Work task: Each line of the data must be written out again verbatim; no image belongs in the copy.
··· Given material
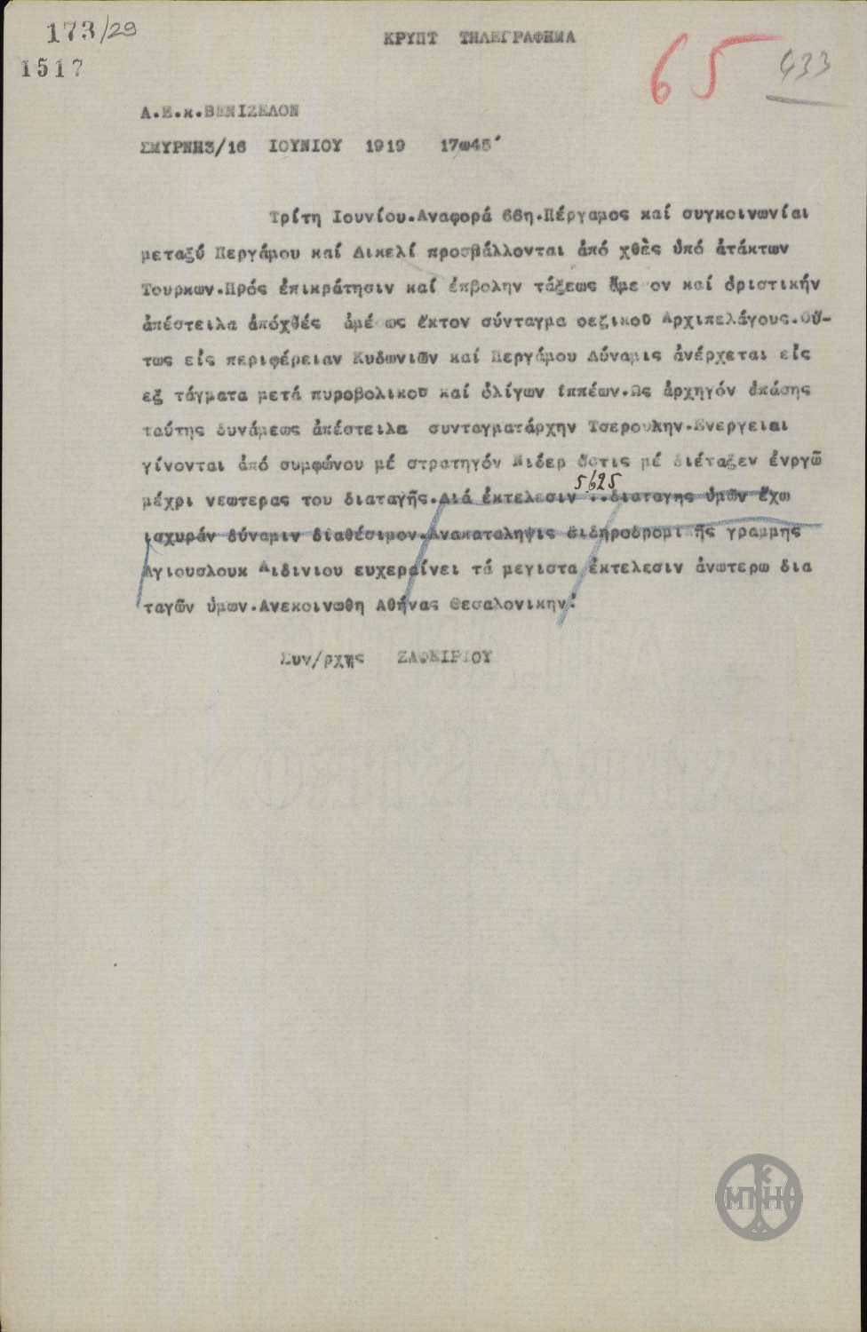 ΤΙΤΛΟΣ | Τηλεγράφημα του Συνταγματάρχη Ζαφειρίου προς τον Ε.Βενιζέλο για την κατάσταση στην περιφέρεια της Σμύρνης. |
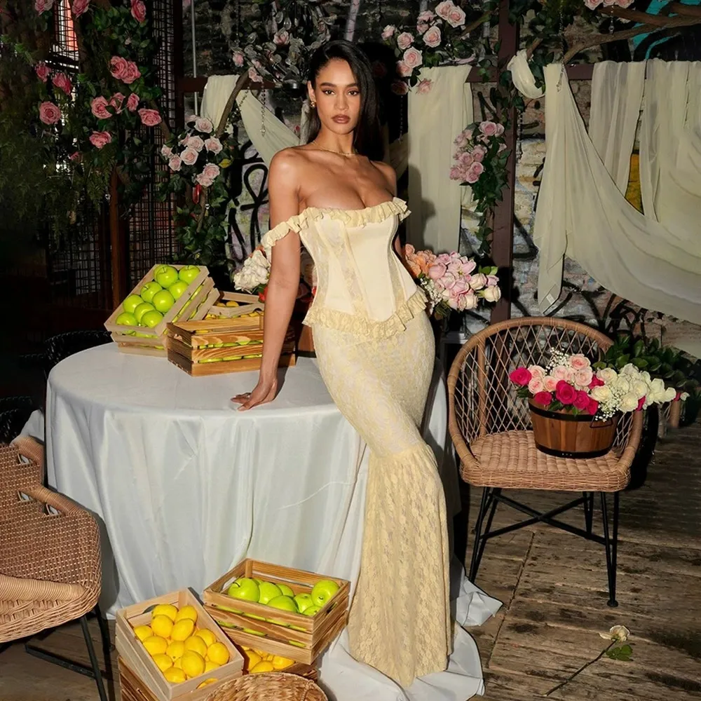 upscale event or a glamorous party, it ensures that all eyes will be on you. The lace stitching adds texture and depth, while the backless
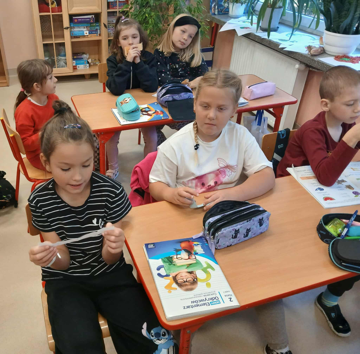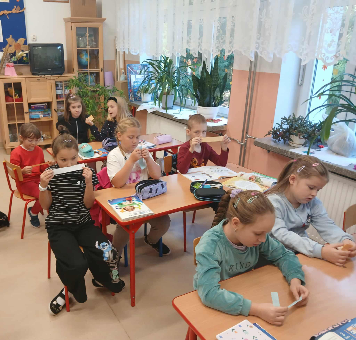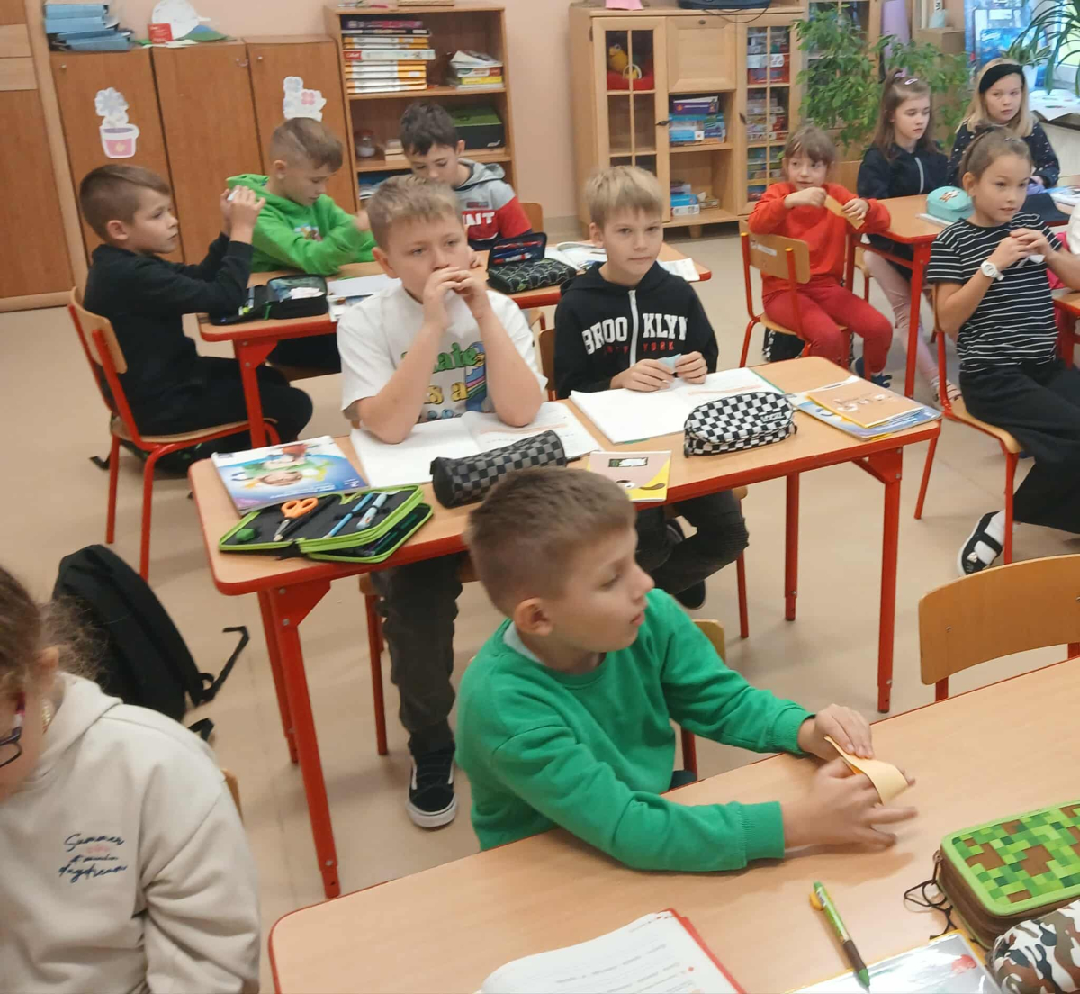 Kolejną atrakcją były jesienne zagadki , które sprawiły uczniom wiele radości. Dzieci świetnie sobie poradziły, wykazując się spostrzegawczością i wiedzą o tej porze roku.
······
Answer:
 ΤΙΤΛΟΣ | Τηλεγράφημα του Συνταγματάρχη Ζαφειρίου προς τον Ε.Βενιζέλο για την κατάσταση στην περιφέρεια της Σμύρνης. |
 upscale event or a glamorous party, it ensures that all eyes will be on you. The lace stitching adds texture and depth, while the backless
 Kolejną atrakcją były jesienne zagadki , które sprawiły uczniom wiele radości. Dzieci świetnie sobie poradziły, wykazując się spostrzegawczością i wiedzą o tej porze roku.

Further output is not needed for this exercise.